If your company is headed in the right direction, investors will begin reaching out to you well before you start raising the growth round. This dynamic may be different for many entrepreneurs relative to their early rounds, where they had to do most of the legwork to find the right investors and reach out to them. Many investors will do that work at this stage. However, it is important to build a relatively wide funnel of investors and engage with them over a period of time to discover a mutual fit. For growth investors, the funnel from meeting to funding could be as leaky as it is for early stage investors. Investors will connect with a large number of promising companies, and do their in-depth assessment and due diligence later.

Stay in touch with investors who reached out to you, as well as larger investors you may have engaged with during prior rounds. We have also seen some entrepreneurs send periodic updates on business progress to a select group — which is a good way to keep in touch and keep the relationships warm. In our experience, the best deals are the ones where the investor and entrepreneur get to know each other over a period of time, as the weeks during the fundraise could be frenzied and may not provide ample opportunity for this.

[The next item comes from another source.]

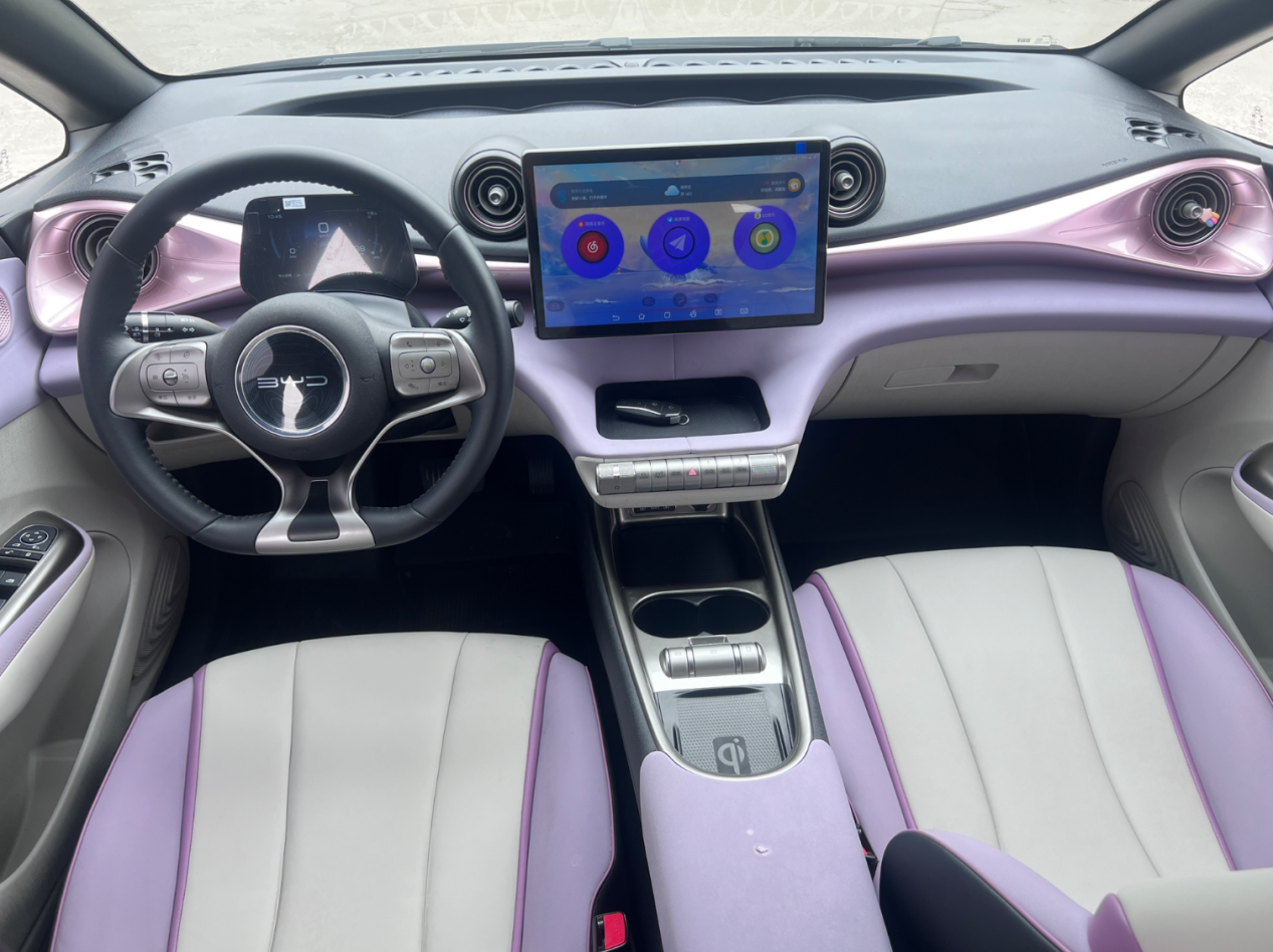 進(jìn)入車內(nèi),兩款車的“性格”差異更加明顯。比亞迪海豚的內(nèi)飾延續(xù)了海洋美學(xué)設(shè)計(jì),細(xì)節(jié)之處盡顯巧思。12.8英寸自適應(yīng)旋轉(zhuǎn)懸浮Pad是車內(nèi)的核心配置,搭配DiLink智能網(wǎng)聯(lián)系統(tǒng),支持語音控制、OTA升級等功能,反應(yīng)速度流暢,還能根據(jù)APP自動(dòng)旋轉(zhuǎn)橫豎屏,無論是追劇還是導(dǎo)航都十分方便。車內(nèi)用料十分良心,大面積采用軟質(zhì)包裹,搭配仿皮方向盤和一體式仿皮座椅,觸感細(xì)膩,完全不像10萬級車型的質(zhì)感。50W手機(jī)無線充電、后排隱私玻璃等配置實(shí)用性極高,女性駕駛者在補(bǔ)妝時(shí)隨手放置手機(jī)就能充電,無需糾結(jié)數(shù)據(jù)線問題。在空間利用率方面,海豚堪稱王牌,2700mm的超長軸距讓后排空間十分寬敞,175cm的女生坐進(jìn)去膝蓋仍有一拳半的余量,閨蜜三人同行也不會(huì)感到擁擠。儲物空間設(shè)計(jì)也十分貼心,前排中央扶手箱、門板儲物格、杯架布局合理,口紅、粉餅、鑰匙、奶茶等物品都能找到專屬位置,不會(huì)在中控臺亂糟糟地堆放。后備廂常規(guī)容積為345L,雖然不算超大,但日常購物、放置露營裝備完全夠用,后排座椅比例放倒后還能進(jìn)一步擴(kuò)展空間,偶爾裝載大件物品也不成問題。不過,有車主反饋,擋風(fēng)玻璃兩側(cè)立柱偏寬,轉(zhuǎn)彎時(shí)會(huì)產(chǎn)生一定的視野盲區(qū),女性駕駛者開車時(shí)需要多留意。
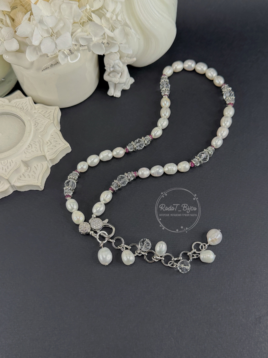 Сотканное из нежного жемчуга, прозрачного горного хрусталя и крошечных рубиновых бусин, скрепленных красивым декоративным замочком, оно готово к любой метаморфозе.

When it comes time to negotiate the deal, do not get fixated on the valuation number alone. Take a careful look at the entire deal, the quality of the investment firm, and the specific investor you’d be working with. At the later stages, we are seeing more structured deals that involve terms such as guaranteed IRRs, warrants and multiple/tiered liquidation preferences. Some structures focus on generating a baseline return to protect the downside, while others provide investors mechanisms to double down on the upside. Evaluate the pros and cons of these carefully, and get expert advice if needed

Be prepared for the diligence process to take significantly longer than prior venture rounds. Even though you’ll hear of outlier cases where growth rounds get closed in a couple of weeks, that’s simply not how a vast majority of them get done. Most sophisticated growth investors will conduct in-depth commercial diligence and financial/legal due diligence. Be patient through the process as investors go through customer conversations and reference checks, various analyses and internal approval cycles. Have one or more trusted lieutenants working with you on this and coordinating with the rest of the company.

If you can find the right match and invest the time needed to close the deal, you are well on your way to the next stage in your company’s growth.